ホーム岡山畜産便り岡山畜産便り昭和25年3月

飼料と畜産

岡山県畜産課長 惣津 律士

 戦後の異常なる畜産景気さては昨年末以来の家畜の暴落は何を意味しているか,そして今や自由経済の荒波の中にほうり出されんとしている我が愛する畜産界はどんな体制を具備すべきか,実に悲壮なる決意を要するときである。
 世の識者はかねてから畜産の常道について声をからして警告を発して来た,この万人のひとしく認めざるを得ない常道からともするとぐらずいた道をたどる日本の畜産にはどんな弱点があるのだろうか。
 外国では古くから土地が畜産物を作ると言われている,乳は土地から搾れとさけばれている,そして畜産農民は飼料作物と真剣に取組んでいる,即ち飼料の造成なくして家畜の増殖,改良は到底考えられない事が常識化されている。
 農林省あたりで作られる畜産何ヶ年計画とかには先づ畜産物の需給計画から逆算された増殖頭数が計算されて,それから飼料計画が立案されているようである。

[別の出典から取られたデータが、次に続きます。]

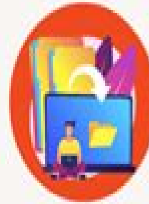
HR Digital Transformation Strategy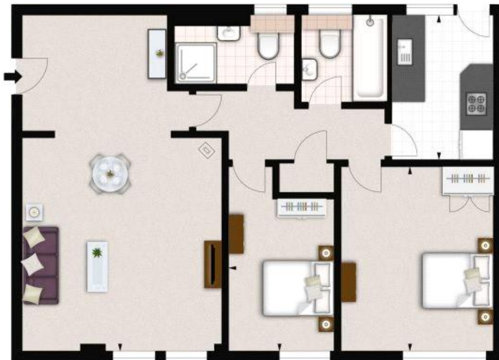
ILLUSTRATION FOR IDENTIFICATION PURPOSES ONLY. NOT TO SCALE * As Defined by RICS - Code of Measuring Practice

APPROX. GROSS INTERNAL AREA * 756 Ft 2 - 70.23 M 2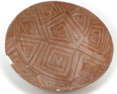
San Francisco Red and Mogollon Red-on-brown pottery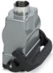
HEAVYCON B10 coupling housing, with single locking latch, height: 77.5 mm, with 1 x Pg21 gland, straight cable outlet

Please be informed that the data shown in this PDF Document is generated from our Online Catalog. Please find the complete data in the user's documentation. Our General Terms of Use for Downloads are valid ( http://phoenixcontact.com/download )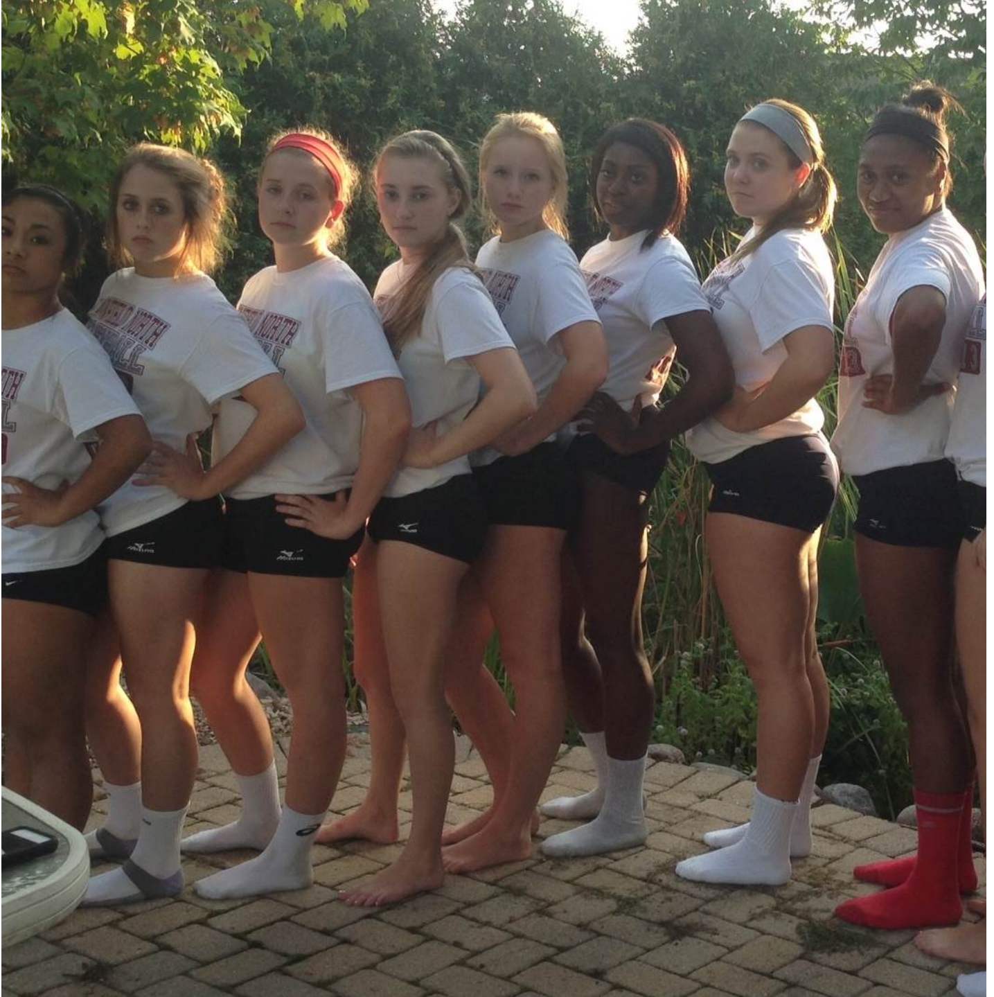
At University of MissouriAt University of Missouri

一応なる程と思われるが,ここに重大な誤謬を認めざるを得ない,先づ第一に飼料計画が農業,林業の如き農林各部門と密接なる聯繋り下に将来の国土計画を勘案して立案され,これが基幹となった家畜の増殖計画でなければ一片の作文に終わるだろうし又畜産人のみの小乗的計画であってはならない。
 かくの如く中央に於ても地方に於ても飼料に対する認識が極めて不足である事は実になげかわしい事であり,これは畜産人以外のものに到っては認識は全くないと言っても過言ではない,更に畜産人に於ても家畜の改良に関する技術者は数多いが,飼料と真剣に取組んでいる技術者が何人あるだろうか。
 生産を引下げて国民にも海外にも安い良質の畜産物を豊富に供給する運命の下に置かれている我国の畜産界としては購入飼料への依存をいさぎよく脱皮しなければ到底進展は期し得られない事は明々白々たる事寒である。
 国土はせまいとはいえ全面積の8割以上の山林を有する日本としては畜産に依る開拓の余地は極めて広大であり,国民全般が飼料と畜産との認識を新たにする時こそ国民生活の向上と国連の発展が期し得られるものと確信している。